# NC PromisedLand RB Fiona ~ less than two months to go



## lilhill (Sep 21, 2011)

Poor Fiona just wasn't really happy about me taking a picture of her from this angle.  She is the first one due in our fall/winter kidding.  Fi is bred to MCH Brush Creek SF Talisman and is due November 15th.  Anxiously awaiting these kids!


----------



## that's*satyrical (Sep 21, 2011)

wow she is humongo. Can't believe she has 2 more months to go!


----------



## lilhill (Sep 21, 2011)

Just got my fingers crossed that there are some girls in there.  Last year she had two beautiful doelings.


----------



## ksalvagno (Sep 21, 2011)

She is looking quite large.

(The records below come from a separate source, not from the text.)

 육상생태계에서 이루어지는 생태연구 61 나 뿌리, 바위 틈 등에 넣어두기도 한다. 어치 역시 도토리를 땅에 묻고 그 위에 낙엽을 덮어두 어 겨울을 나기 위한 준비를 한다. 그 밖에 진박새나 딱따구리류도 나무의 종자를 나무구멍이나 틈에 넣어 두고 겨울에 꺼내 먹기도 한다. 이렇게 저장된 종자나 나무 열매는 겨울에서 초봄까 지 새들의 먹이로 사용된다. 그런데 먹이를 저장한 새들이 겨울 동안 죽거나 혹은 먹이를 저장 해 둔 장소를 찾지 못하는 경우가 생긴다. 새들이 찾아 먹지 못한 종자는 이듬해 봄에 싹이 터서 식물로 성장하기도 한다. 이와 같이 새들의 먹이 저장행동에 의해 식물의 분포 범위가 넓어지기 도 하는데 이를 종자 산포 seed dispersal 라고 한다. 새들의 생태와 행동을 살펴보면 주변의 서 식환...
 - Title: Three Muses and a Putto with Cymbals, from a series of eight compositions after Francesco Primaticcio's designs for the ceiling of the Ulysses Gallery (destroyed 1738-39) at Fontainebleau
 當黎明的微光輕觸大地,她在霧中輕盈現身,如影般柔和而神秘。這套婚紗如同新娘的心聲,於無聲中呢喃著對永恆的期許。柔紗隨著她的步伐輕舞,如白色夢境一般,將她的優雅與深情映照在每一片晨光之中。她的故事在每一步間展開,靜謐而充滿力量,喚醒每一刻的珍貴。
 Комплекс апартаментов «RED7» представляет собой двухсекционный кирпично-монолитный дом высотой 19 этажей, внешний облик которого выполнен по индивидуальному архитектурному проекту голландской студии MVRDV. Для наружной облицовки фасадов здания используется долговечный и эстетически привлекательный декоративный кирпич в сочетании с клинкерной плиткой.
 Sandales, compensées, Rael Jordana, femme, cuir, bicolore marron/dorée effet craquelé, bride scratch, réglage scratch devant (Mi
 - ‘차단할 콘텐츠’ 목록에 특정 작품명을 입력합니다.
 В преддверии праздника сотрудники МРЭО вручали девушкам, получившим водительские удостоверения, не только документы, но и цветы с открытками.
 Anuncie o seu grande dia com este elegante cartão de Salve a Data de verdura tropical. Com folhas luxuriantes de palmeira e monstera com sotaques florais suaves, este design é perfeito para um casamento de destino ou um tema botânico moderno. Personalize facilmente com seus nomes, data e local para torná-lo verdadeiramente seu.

Here's to a textbook birth and thinking pink!


----------



## lilhill (Sep 21, 2011)

Thank you.


----------



## SDGsoap&dairy (Sep 21, 2011)

I love to see a big healthy rumen! Thinking pink.


----------



## elevan (Sep 21, 2011)

Thinking lots of pink!


----------



## kstaven (Sep 22, 2011)

Reminds me of a few Toggs I have bred for November. Always tempted to stick a wide load sign on their butt.


----------



## lilhill (Sep 22, 2011)

Yep, you always wonder how much they can stretch that belly out before it explodes.


----------



## Roll farms (Sep 22, 2011)

PINK


----------



## Ms. Research (Sep 22, 2011)

Wow, poor girl is huge.  Hoping a successful birth with LOTS of Pink!


----------



## lilhill (Sep 28, 2011)

Thank you!


----------